J'irai bien moins loin dans l'enthousiasme que la plupart de ceux qui se sont exprimés et ma note ne dépasse la moyenne que grâce à la luminosité extrême des lieux filmés – la grande demeure patricienne de Parme, les plages adriatiques immenses du côté de Rimini – et à la perfection de la beauté et du jeu des deux principaux protagonistes, Lorenzo (Jacques Perrin) et Aïda (Claudia Cardinale).

C'est bien, c'est magnifiquement filmé (et, par ailleurs, présenté dans une édition impeccable), mais enfin, à mes yeux, ça n'accroche pas trop, infiniment moins, en tout cas que bien des films italiens tournés à peu près à la même époque, et notamment Le fanfaron, qui est aussi un récit de rencontre, mais moins romanesque, si l'on veut et moins rebattue.

Car l'histoire de la pauvre fille qui fait presque commerce de son corps, tout en croyant qu'elle pourra un jour s'en sortir et du grand dadais assez contraint par sa condition sociale, mais dont la sensualité bourgeonne, cette histoire est tout de même d'une grande banalité… Lorenzo s'imagine, comme tous les puceaux émoustillés par une belle fille (et il faut admettre qu'Aïda est vraiment sublime) qu'il nourrit de beaux, amples, sublimes sentiments, alors même que c'est sa virilité qui bouillonne, et que se refuser le morceau de choix qui se donne est une occasion de se refuser, par la frustration, l'assouvissement, donc, d'une certaine façon, de la contenter en la sublimant. (Je sais, cela n'est pas clair, et il faut pour le comprendre, avoir connu la volupté extrême du refus chevaleresque : cela se passait il y a cinquante ans, dans les sociétés policées).

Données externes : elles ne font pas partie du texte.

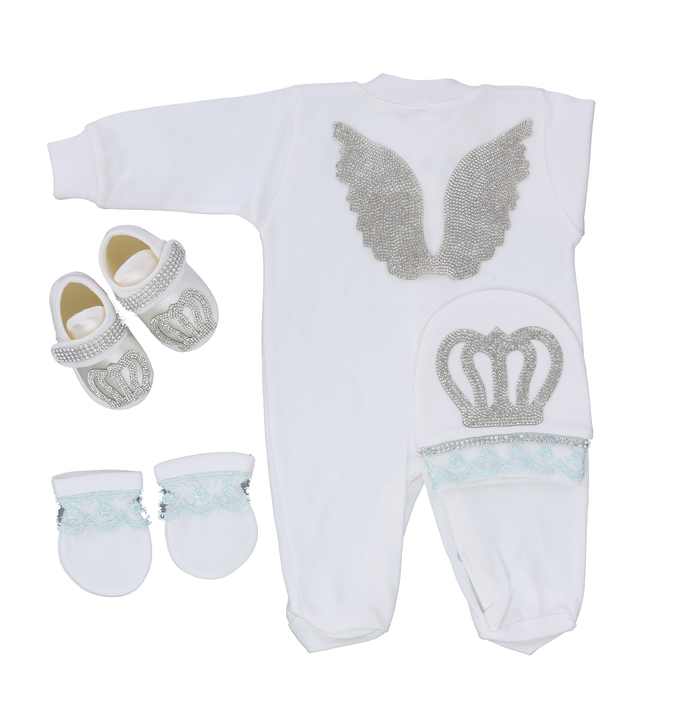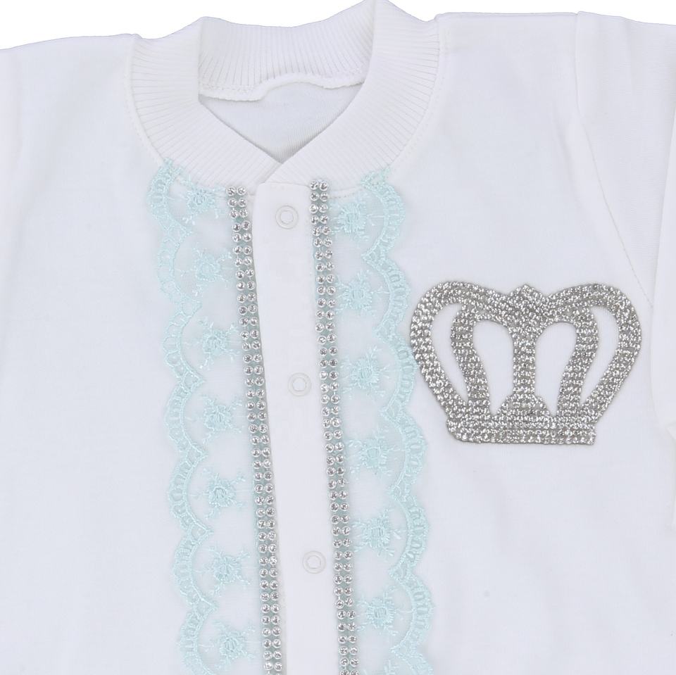 4ชิ้นผ้าฝ้าย100% ถักแขนยาวไม้ไผ่แรกเกิดการออกแบบใหม่ขายส่งที่กำหนดเองมิ้นท์ลูกไม้เทวดาทารก Romper ชุด

Donc, puisqu'il ne peut y avoir d'amour, sauf pour la beauté du geste, entre cette pauvre fille déjà perdue, à la fois romantique et terriblement réaliste et ce grand garçon mauvais élève qui ne peut pas encore jeter sa gourme, qu'est-ce qui reste ? La supériorité sociale et son témoin le plus visible, l'argent… Les rapports entre Lorenzo et Aïda sont forcément de cette nature, quelles que soient les velléités et les fantasmagories que l'un et l'autre peuvent nourrir. Lorsque Aïda descend l'escalier, vivante incarnation de l'héroïne de Verdi, il y a bien, à un moment, un bouleversement sensuel d'une acuité extrême ; mais arrivée au bout de son parcours, à quoi se bute-t-elle, sinon au désir évident, primaire, animal du jeune homme qu'elle ne peut, ni ne veut satisfaire parce qu'elle et lui ont voulu placer leur relation sur un autre niveau, celui d'un amour qui n'a absolument aucune chance d'exister vraiment, une fois les masques tombés.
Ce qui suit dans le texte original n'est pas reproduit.